In [2]:
!bypy list
!bypy downfile food-11.zip

/apps/bypy ($t $f $s $m $d):
F food-11.zip 1163028761 2021-01-22, 20:26:42 7d9bbaedcqce1982041e54fba1f8c89f

In [8]:
import zipfile
import os
### 解压原始数据集，将src_path路径下的zip包解压至data/dataset目录下
src_path="/home/mist/food-11.zip"
target_path="/home/mist/dataset"
def unzip_data(src_path,target_path):
    if(not os.path.isdir(target_path)):    
        z = zipfile.ZipFile(src_path, 'r')    # 只读方式打开压缩文件
        z.extractall(path=target_path)        # 提取其中内容
        z.close()
    else:
        print("文件已解压")
unzip_data(src_path,target_path)

文件已解压


In [9]:
# import必要的第三方库
import os
import numpy as np
import cv2
import torch
import torch.nn as nn
import torchvision.transforms as transforms
import pandas as pd
from torch.utils.data import DataLoader, Dataset
import time

In [10]:
def readfile(path, label):
    # label 是一个 boolean variable，代表需不需要回传 y 值
    image_dir = sorted(os.listdir(path))
    x = np.zeros((len(image_dir), 128, 128, 3), dtype=np.uint8)
    y = np.zeros((len(image_dir)), dtype=np.uint8)
    for i, file in enumerate(image_dir):
        img = cv2.imread(os.path.join(path, file))
        x[i, :, :] = cv2.resize(img,(128, 128))
        if label:
          y[i] = int(file.split("_")[0])
    if label:
      return x, y
    else:
      return x

In [12]:
#分別计算training set、validation set、testing set 的大小
workspace_dir = './dataset/food-11'
print("Reading data")
train_x, train_y = readfile(os.path.join(workspace_dir, "training"), True)
print("Size of training data = {}".format(len(train_x)))
val_x, val_y = readfile(os.path.join(workspace_dir, "validation"), True)
print("Size of validation data = {}".format(len(val_x)))
test_x = readfile(os.path.join(workspace_dir, "testing"), False)
print("Size of Testing data = {}".format(len(test_x)))

Reading data
Size of training data = 9866
Size of validation data = 3430
Size of Testing data = 3347


# Dataset

### 在 Pytorch 中，我们可以利用 torch.utils.data 的 Dataset 及 DataLoader 来"包装" data，使后续的 training 及 testing 更为方便。

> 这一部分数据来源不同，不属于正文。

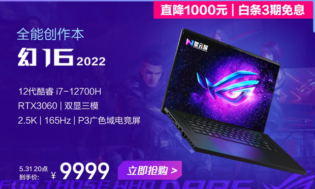 高端游戏本ROG的多款爆款产品同样福利引爆!满血3060信仰游戏本ROG魔霸新锐2022到手仅需8999元;全能本旗舰ROG幻16到手9999元,还有配置满血RTX 3060+12代酷睿i7的ROG枪神6,新配置到手仅需10999元,万元档最香高端游戏本,高阶玩家绝对不容错过!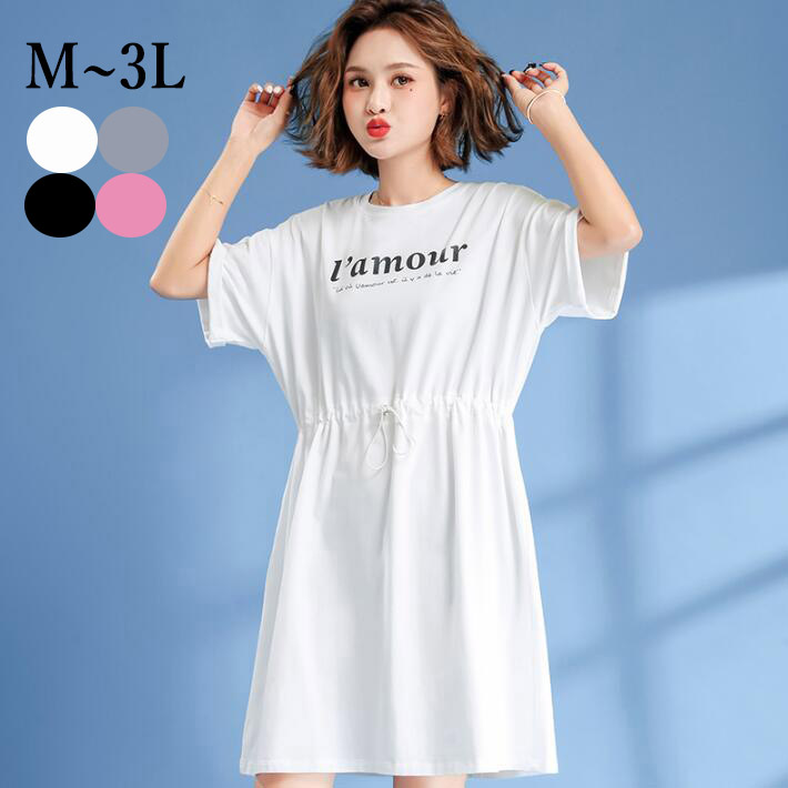 TシャツワンピースロングTシャツウエスト紐コットンオーバーサイズゆるTシャツチュニックロゴワンピースロゴT半袖ミニワンピース ルームウェア大きいサイズクルーネック夏ML 2L3L

### Dataset 需要 overload 两个函数：__len__ 及 __getitem__

### __len__ 必须要回传 dataset 的大小，而 __getitem__ 则定义了当程式利用 取值时，dataset 应该要怎么回传资料。

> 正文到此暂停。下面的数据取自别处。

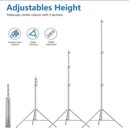 Dapatkan pencahayaan stabil selama proses videografi dengan tripod light stand ini. Kakinya yang stabil menjaga perangkat agar tidak bergoyang atau terjatuh, memberikan ketenangan pikiran selama pengambilan gambar. Atur ketinggian hingga 2.55M untuk sudut yang pas tanpa kendala.

### 实际上我们并不会直接使用到这两个函数，但是使用 DataLoader 在 enumerate Dataset 时会使用到，没有实做的话会在程式运行阶段出现 error。

In [13]:
train_transform = transforms.Compose([
    transforms.ToPILImage(),
    transforms.RandomHorizontalFlip(), #随机将图片水平翻转
    transforms.RandomRotation(15), #随机旋转图片
    transforms.ToTensor(), #将图片转成 Tensor
])
#testing 时不需做 data augmentation
test_transform = transforms.Compose([
    transforms.ToPILImage(),                                    
    transforms.ToTensor(),
])
class ImgDataset(Dataset):
    def __init__(self, x, y=None, transform=None):
        self.x = x
        # label is required to be a LongTensor
        self.y = y
        if y is not None:
            self.y = torch.LongTensor(y)
        self.transform = transform
    def __len__(self):
        return len(self.x)
    def __getitem__(self, index):
        X = self.x[index]
        if self.transform is not None:
            X = self.transform(X)
        if self.y is not None:
            Y = self.y[index]
            return X, Y
        else:
            return X

In [14]:
batch_size = 128
train_set = ImgDataset(train_x, train_y, train_transform)
val_set = ImgDataset(val_x, val_y, test_transform)
train_loader = DataLoader(train_set, batch_size=batch_size, shuffle=True)
val_loader = DataLoader(val_set, batch_size=batch_size, shuffle=False)

In [15]:
#Model
class Classifier(nn.Module):
    def __init__(self):
        super(Classifier, self).__init__()
        #torch.nn.Conv2d(in_channels, out_channels, kernel_size, stride, padding)
        #torch.nn.MaxPool2d(kernel_size, stride, padding)
        #input 維度 [3, 128, 128]
        self.cnn = nn.Sequential(
            nn.Conv2d(3, 64, 3, 1, 1),  # [64, 128, 128]
            nn.BatchNorm2d(64),
            nn.ReLU(),
            nn.MaxPool2d(2, 2, 0),      # [64, 64, 64]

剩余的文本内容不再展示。